You're right--the US is nothing close to communist. The US is however VERY close to or has already acheived fascism, which is properly defined by the inventor of the word as the merger of corporate and state interestes. We absolutely have that. Right now the only thing we're missing is the traditional single dictator, but I'm not all that certain that it's required in version 2.0.

It is kind of amusing to see people equate "socialism" with "communism" or use either of those terms in conjunction with fascism though--and it's even more amusing to watch people blame government for "stealing" things when, at best, it's been the enabler of the theft by large multinational bankers and corporations. It's everyone's vaunted "private industry" and "free enterprise" that are the thieves. They rig the game, or they outright steal, and they use part of their takings to enable a media campaign to get everyone to hate the one force that could possibly stop all that--proper (in the interests of the people) government regulation.

Were it not so tragic, it would be even more amusing to watch people complain about "big government" willingly step into the TSA's porno scanners, support indefinite detention of whoever doesn't look like them, and generally engage in their fawning behavior over the ever-militarized police forces who truly occupy our cities and our streets. It is "law enforcement", which is almost never used against the rich and corporate, that is the greatest threat to freedom, liberty, and especially life these days, and yet that's the one part of government these morons never seem to question. "Law enforcement" has tried and will continue to try to bring this and many other evils to the US, and that sort of thing must be stopped at all costs.

Re:Not that much new here...

They're not blocking exit nodes -- they're blocking your first hop(s) into the tor network

direct that somewhere else

[s.petry]

I have no idea why you are on a tangent accusing someone else of wanting censorship. The point was that your rant (now two of them) is being directed at technical people in the US, not the Chinese Government.

How about writing mean letters to the Chinese Government, or getting involved in Politics instead of ranting here on /.?

Trust me, personally I'm not for anything that China does. With out of control IP laws, rampant corruption, and pay-for-politics in the US we have a shitload to worry about at home. With things like SB1867 being passed on 1/31/11 by our President, and now the big push for SOPA we are on our way to becoming a whole like like them.

Oh.. one more thing.. The US Government will not censor anything like you mentioned.
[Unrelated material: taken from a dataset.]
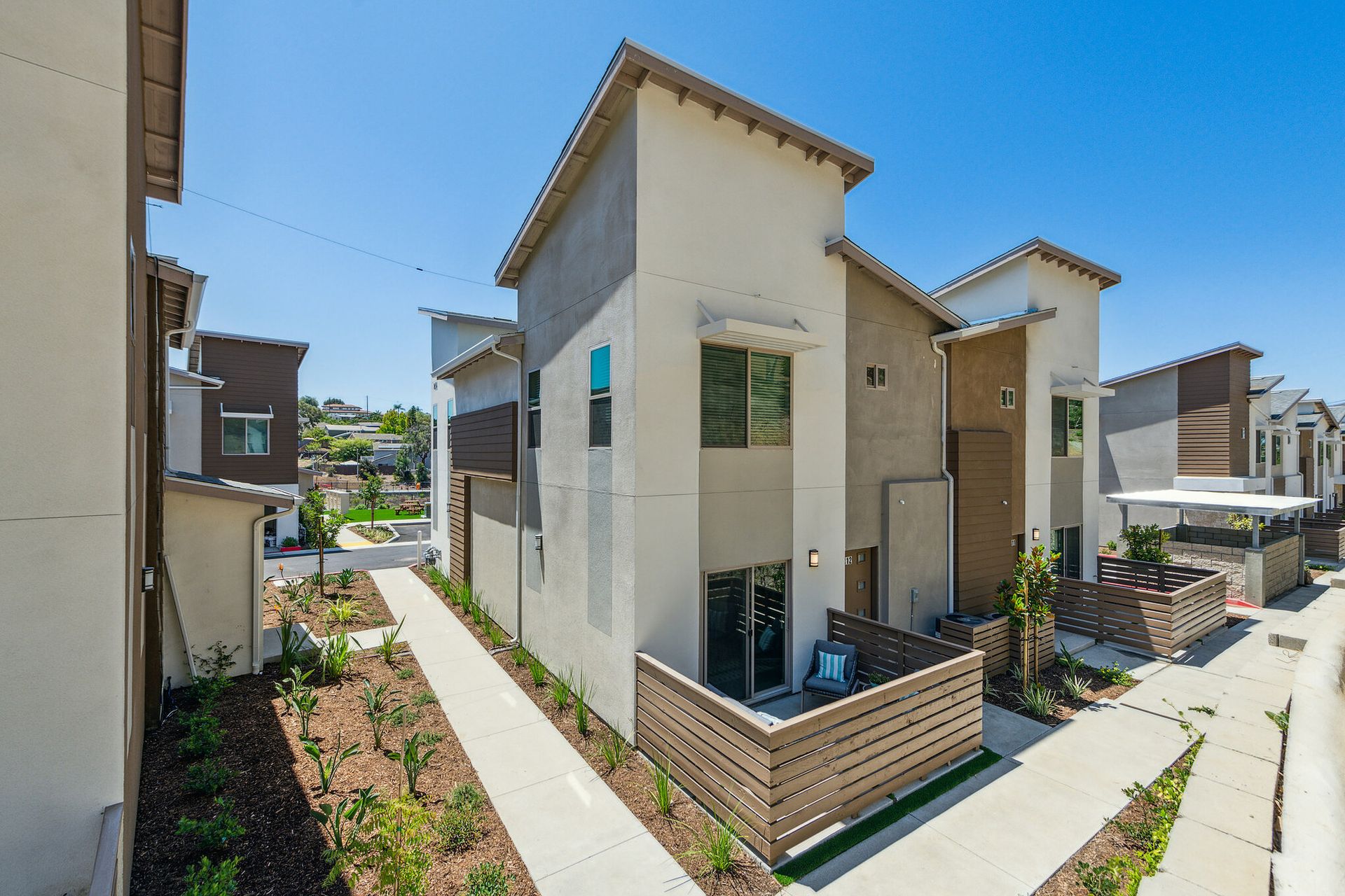Each Townhome comes with a large 2-car garage (attached) that is also ready for electric charge hook up (upon request & small installation fee), stainless steel appliances such as refrigerator, stove, dishwasher, microwave, washer/dryer, and central air conditioning/heat. Situated just a short drive from downtown Vista and all its amazing restaurants, breweries, art galleries, locally owned shops, events and family activities, a place you will enjoy calling home! AT&T Fiber Optics installed in every home!

What better way of distracting people from the fucked up shit they are doing than to spoon feed people stuff like that?

ssh tunnel on nonstandard port

[gatkinso]

This seems a bit obvious... does anybody know how much luck folks have had with this method?

Re:ssh tunnel on nonstandard port

[peterindistantland]

This definitely work. I have no problem using SSH even on the standard port in China. Since ssh is encrypted, deep packet inspection is useless, unless they ban SSH altogether, which they don't.
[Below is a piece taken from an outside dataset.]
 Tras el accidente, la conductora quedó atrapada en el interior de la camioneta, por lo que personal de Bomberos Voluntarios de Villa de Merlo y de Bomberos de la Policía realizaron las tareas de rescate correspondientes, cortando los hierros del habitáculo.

Re:ssh tunnel on nonstandard port

[lakeland]

It works, though it stands out like a sore-thumb.

Re:Fear & Lolling

[icebraining]

Using a VPN service advertised on popular websites seems akin to buying drugs from a guy who advertises at the local police station.
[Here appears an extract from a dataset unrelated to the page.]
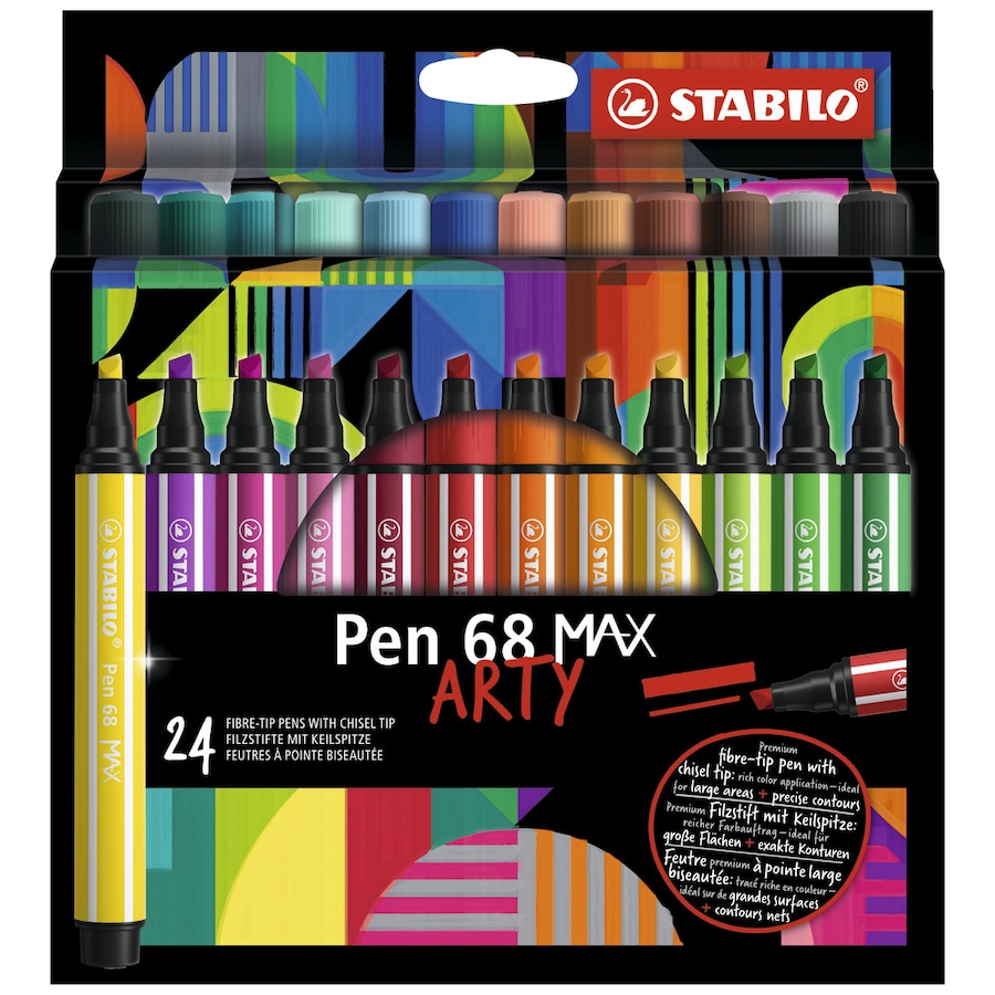 Estojo com 24 Marcadores Premium com Ponta de Fibra Biselada Pen 68 MAX - Multicolor

It had to happen eventually

[ALeader71]

As with any war, maneuvers lead to counter maneuvers. Escalation leads to further escalation. The only way to end a war is either by choice (as we did in Vietnam and now in Afghanistan), out maneuvering your enemy (siege of Stalingrad, battle of the Bulge), or if the enemy destroys its own credibility with the people (Iraq insurgency movement).

So good going China, you've managed to shut down TOR. I'm sure you have shared your successes with other "Great Firewall" regimes and those who desire "Great Firewall" status. But those who created TOR gained legitimacy, so they will be back with better weapons and in greater numbers.